## ACTION ITEM
Below are some records; output exactly the lines from the line with "12月15日,河北省安國市實驗小學中醫藥養生體驗室,學生制作艾條和香囊。中新社記者 翟羽佳 攝" to the line with "- Mix in the chocolate tips gently", both ends kept, and nothing more.

## DATA UNDER STUDY
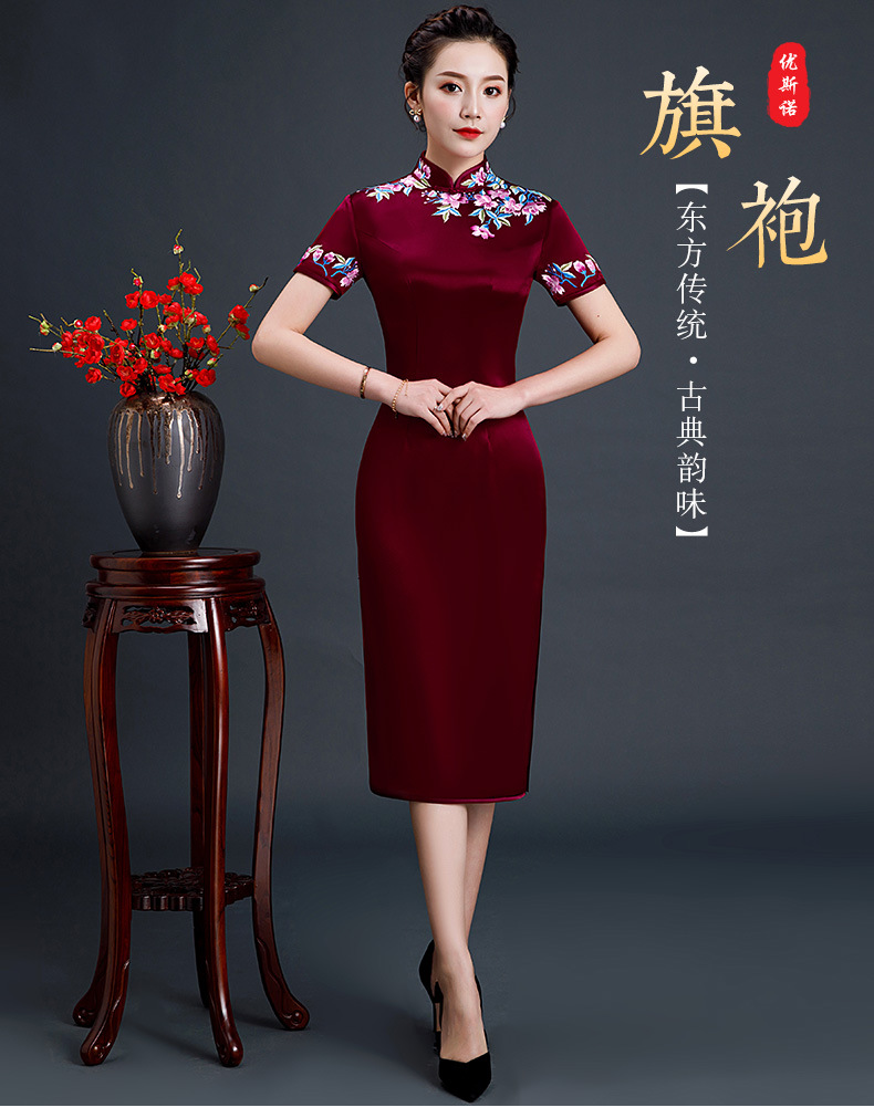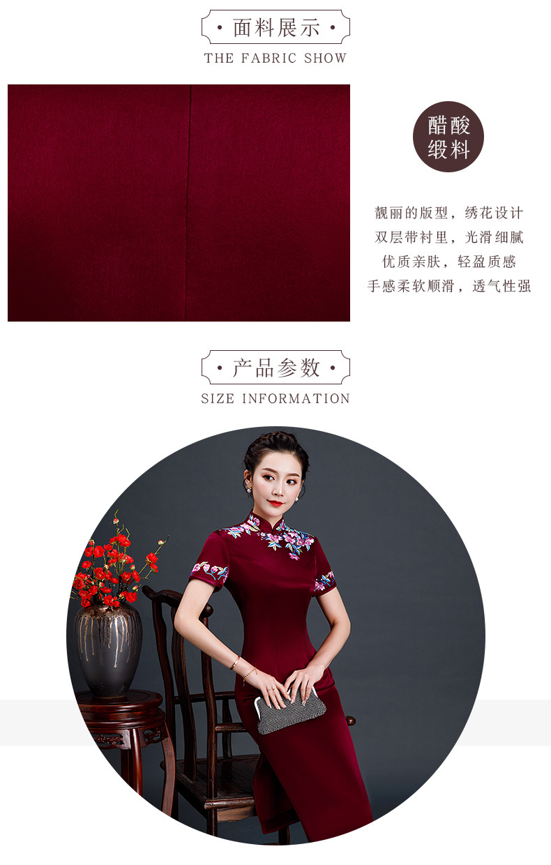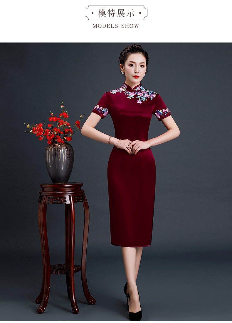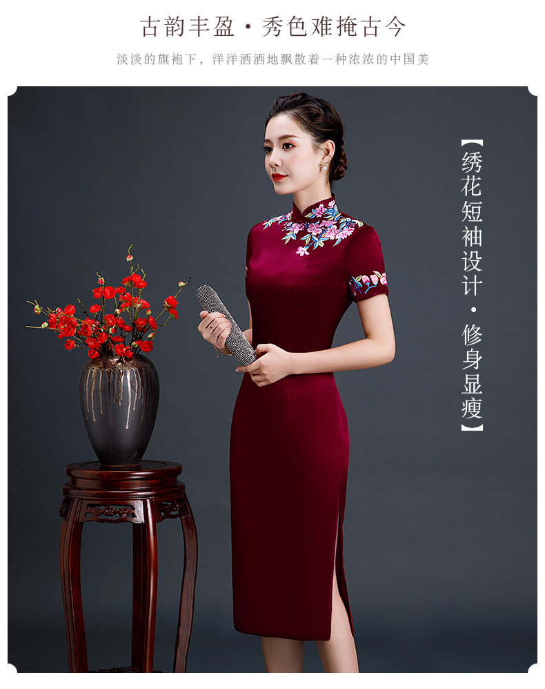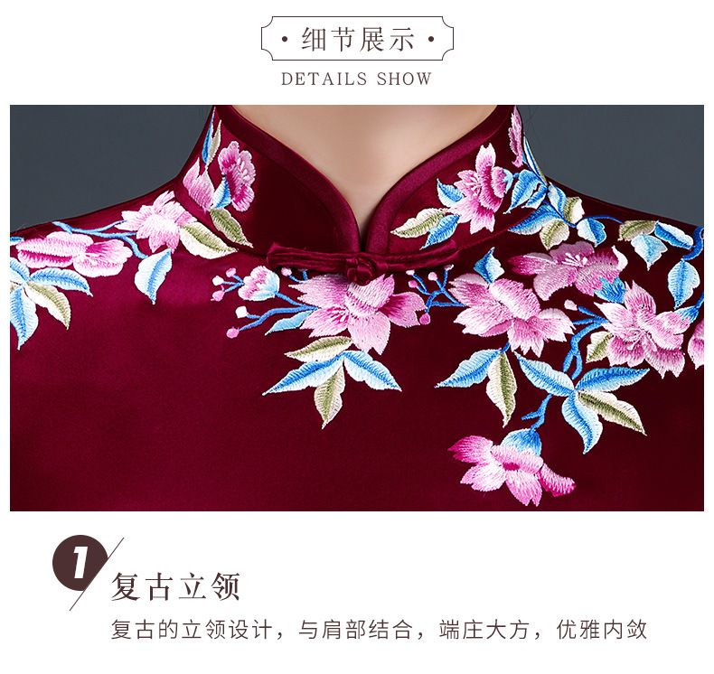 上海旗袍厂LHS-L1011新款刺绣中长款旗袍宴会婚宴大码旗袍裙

* * *

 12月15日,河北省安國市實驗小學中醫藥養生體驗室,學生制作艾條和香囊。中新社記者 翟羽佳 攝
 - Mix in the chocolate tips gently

...

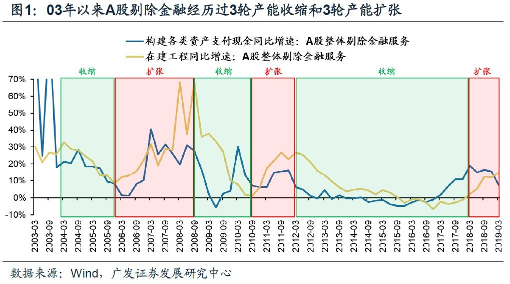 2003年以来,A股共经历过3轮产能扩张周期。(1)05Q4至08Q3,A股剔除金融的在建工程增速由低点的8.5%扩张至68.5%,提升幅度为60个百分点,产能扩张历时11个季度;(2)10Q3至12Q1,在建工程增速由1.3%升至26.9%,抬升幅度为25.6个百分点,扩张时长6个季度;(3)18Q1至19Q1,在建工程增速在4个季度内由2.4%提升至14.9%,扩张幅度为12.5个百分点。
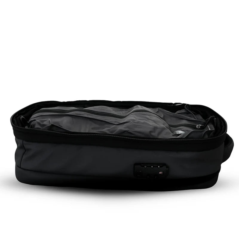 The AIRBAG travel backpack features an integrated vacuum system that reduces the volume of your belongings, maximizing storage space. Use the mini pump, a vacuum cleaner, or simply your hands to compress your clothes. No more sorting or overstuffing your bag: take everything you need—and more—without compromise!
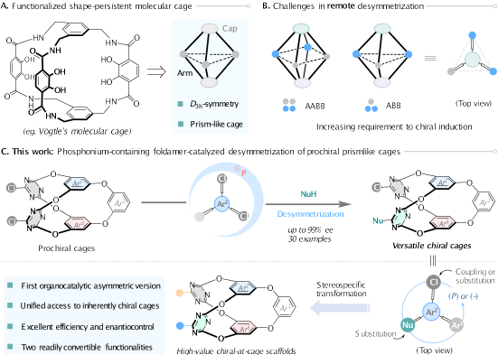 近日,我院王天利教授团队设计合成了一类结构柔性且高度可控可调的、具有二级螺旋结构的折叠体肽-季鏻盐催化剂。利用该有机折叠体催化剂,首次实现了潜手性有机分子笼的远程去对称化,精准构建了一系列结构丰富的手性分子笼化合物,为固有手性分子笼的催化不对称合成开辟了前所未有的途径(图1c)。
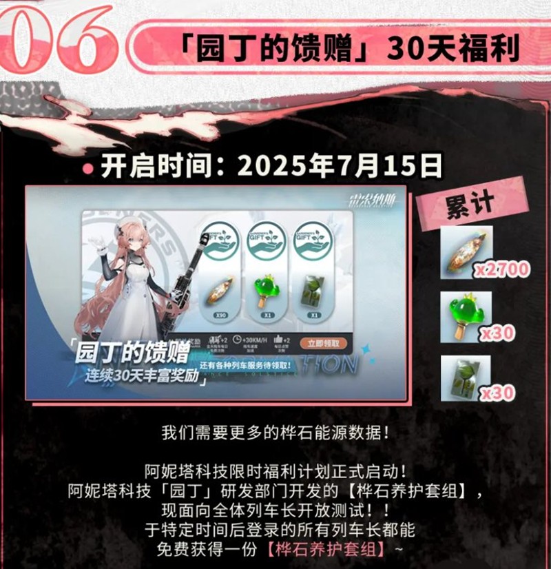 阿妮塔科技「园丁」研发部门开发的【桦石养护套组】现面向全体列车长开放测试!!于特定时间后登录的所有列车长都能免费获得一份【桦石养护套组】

## ANSWER SPACE
 12月15日,河北省安國市實驗小學中醫藥養生體驗室,學生制作艾條和香囊。中新社記者 翟羽佳 攝
 - Mix in the chocolate tips gently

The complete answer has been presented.